The aim of this chapter has been to give an account of a relatively simple neural field model of the resting EEG and to briefly illustrate some of its more interesting dynamical features as well as speculating on its physiological relevance in accounting for resting alpha band activity and its perturbation by a range of endogenous and exogenous pharmacological factors. In particular we discussed the predicted sensitivity of model dynamics to differential perturbations in cortical inhibition and how this might account for the electroencephalographic effects of anesthetics that act principally through GABAergic agonism. We argued that to first approximation anesthetics alter noise-driven linear properties of the resting EEG. However it is known that anesthetics are also able to induce quite profound qualitative alterations in the EEG . At high levels of many sedative and anaesthetic agents the EEG can exhibit burst suppression. Typically the burst suppression pattern consists of bursts of high amplitude slow, sharp or spiking activity separated by periods of near iso-electricity (suppression) [54]. As anaesthetic depth increases the periods of burst become shorter. While it is often assumed that the burst-suppression pattern arises from slow thalamic oscillations driving cortex, the fact that the pattern survives following cortical deafferentation suggests that it arises as a consequence of intrinsic dynamical properties of cortical tissue. Therefore the challenge of ours, and similar models, is to account for this phenomenon in the context of a plausible physiological framework and the known molecular and cellular targets associated with anaesthetic action.
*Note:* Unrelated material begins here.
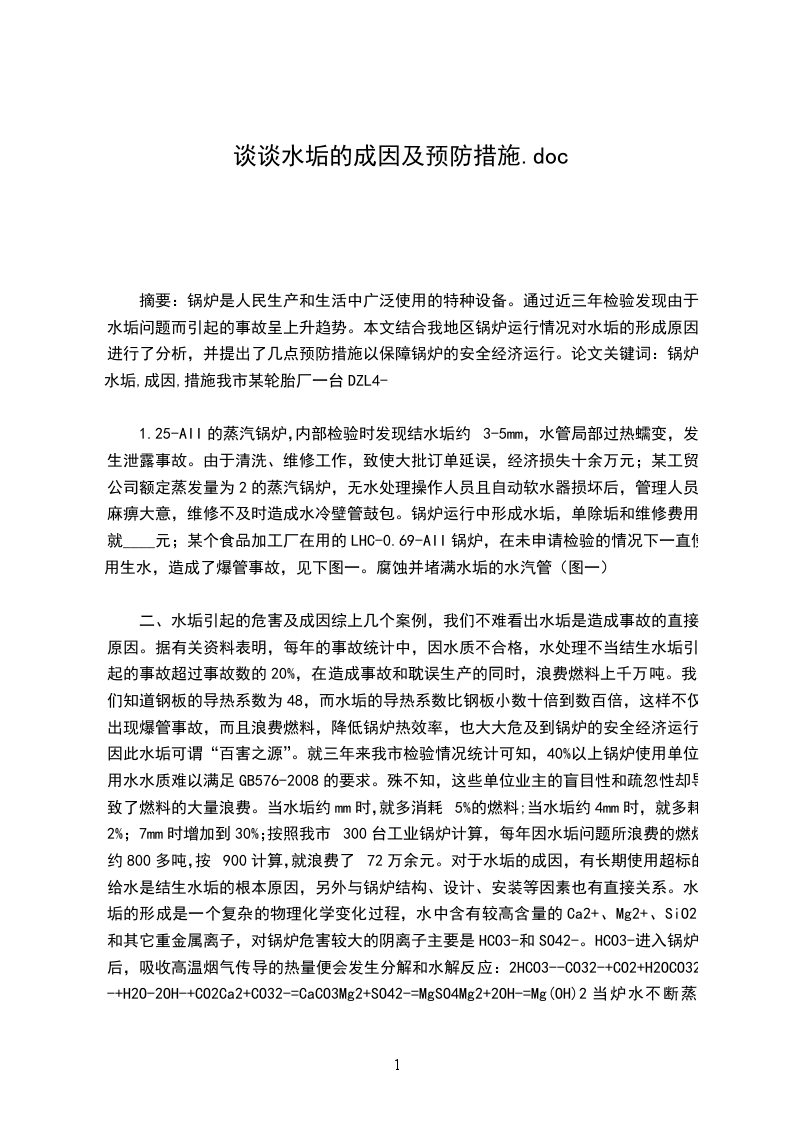 摘要:锅炉是人民生产和生活中广泛使用的特种设备。通过近三年检验发现由于水垢问题而引起的事故呈上升趋势。本文结合我地区锅炉运行情况对水垢的形成原因进行了分析,并提出了几点预防措施以保障锅炉的安全经济运行。论文关键词:锅炉,水垢,成因,措施我市某轮胎厂一台DZL4-

There is an emerging practical utility for mean field models as evinced by our simple fixed order ARMA approach. While this single-electrode approach can, at least in principle, be easily extended to the multi-electrode case by the suitable definition of a multivariate (vector) ARMA model the real challenge is to estimate actual model parameters from empirical data and to see if they accord with known physiology. At present the action of anaesthetic agents would appear to provide the most robust context in which to estimate model parameters as they can be directly associated with known cellular and molecular targets of action.